> Data:
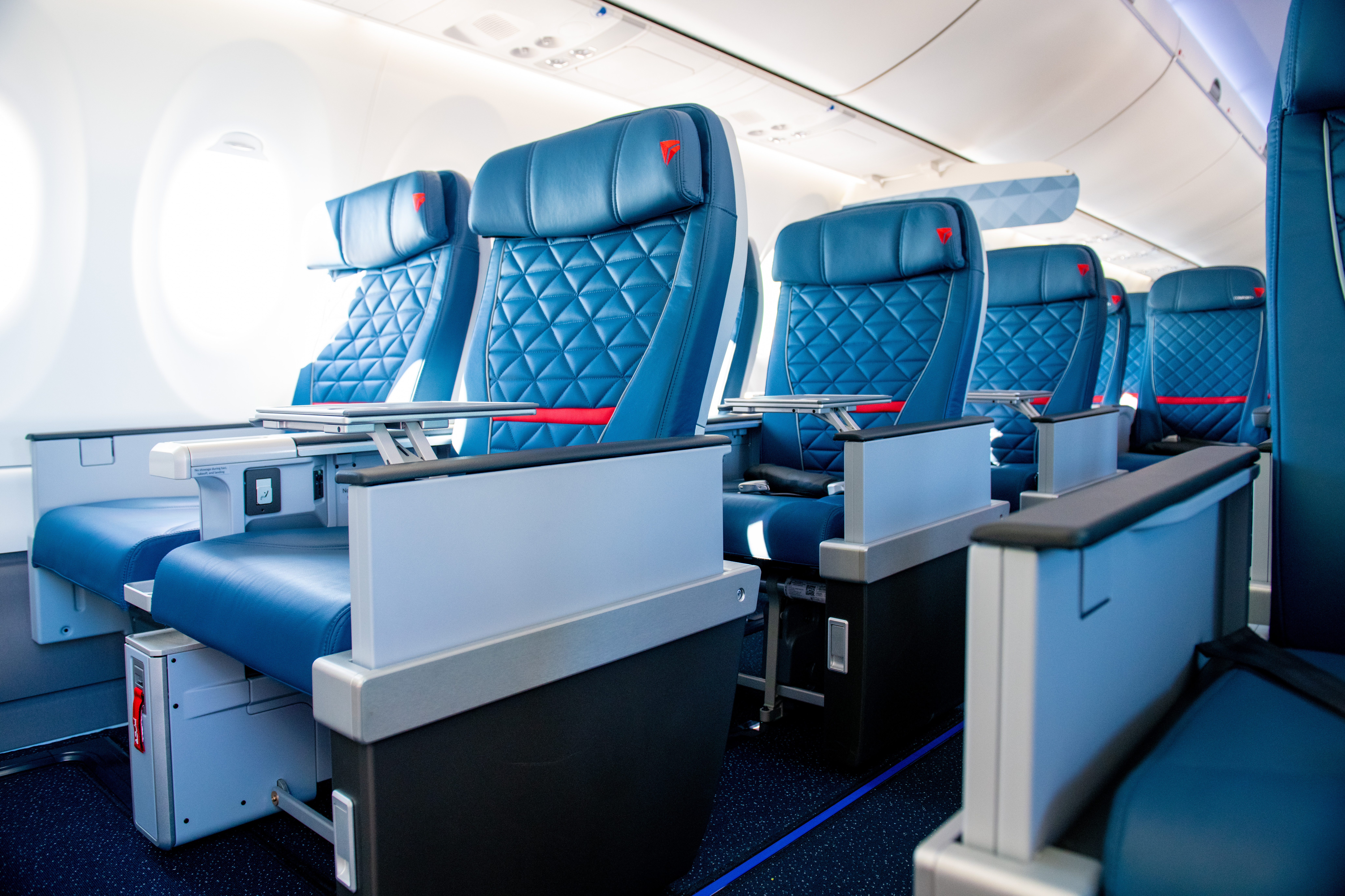 Details are shown on Delta Air Lines first A220 in Atlanta, Georgia at Hartsfield Jackson International airport on Sunday October 28,2018. (Chris Rank/Rank Studios 2018)
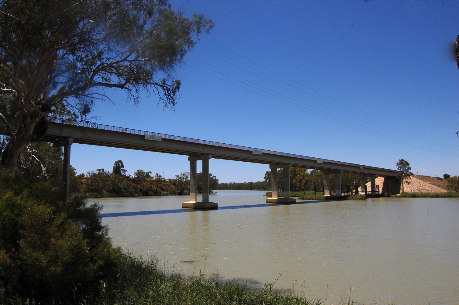 Bridge over the Murray River at Kingston-On-Murray, South Australia
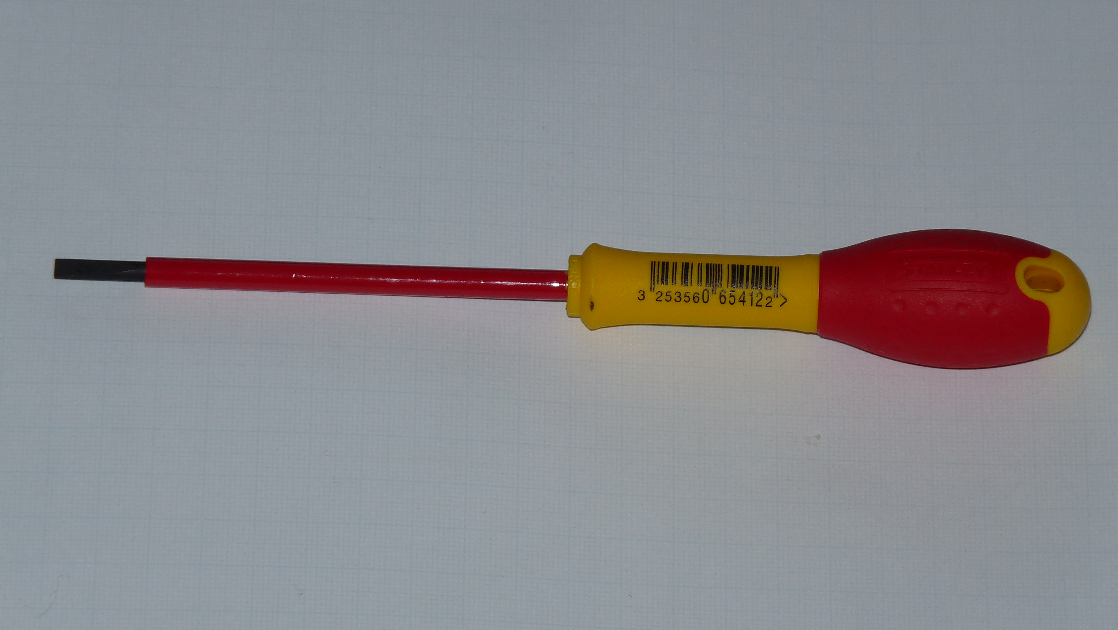 Insulated screwdriver, size 4x100mm
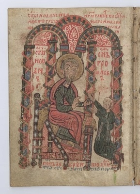 The parchment manuscript, Dobreisho Gospel from the first quarter of the 13th century. Illumination of saint John by priest Dobreisho (at the bottom: "Попъ Добрѣишо...").

> Exercise goal:
Reprint the whole listing above exactly, taking out the pictures.

> Answer below:
 Details are shown on Delta Air Lines first A220 in Atlanta, Georgia at Hartsfield Jackson International airport on Sunday October 28,2018. (Chris Rank/Rank Studios 2018)
 Bridge over the Murray River at Kingston-On-Murray, South Australia
 Insulated screwdriver, size 4x100mm
 The parchment manuscript, Dobreisho Gospel from the first quarter of the 13th century. Illumination of saint John by priest Dobreisho (at the bottom: "Попъ Добрѣишо...").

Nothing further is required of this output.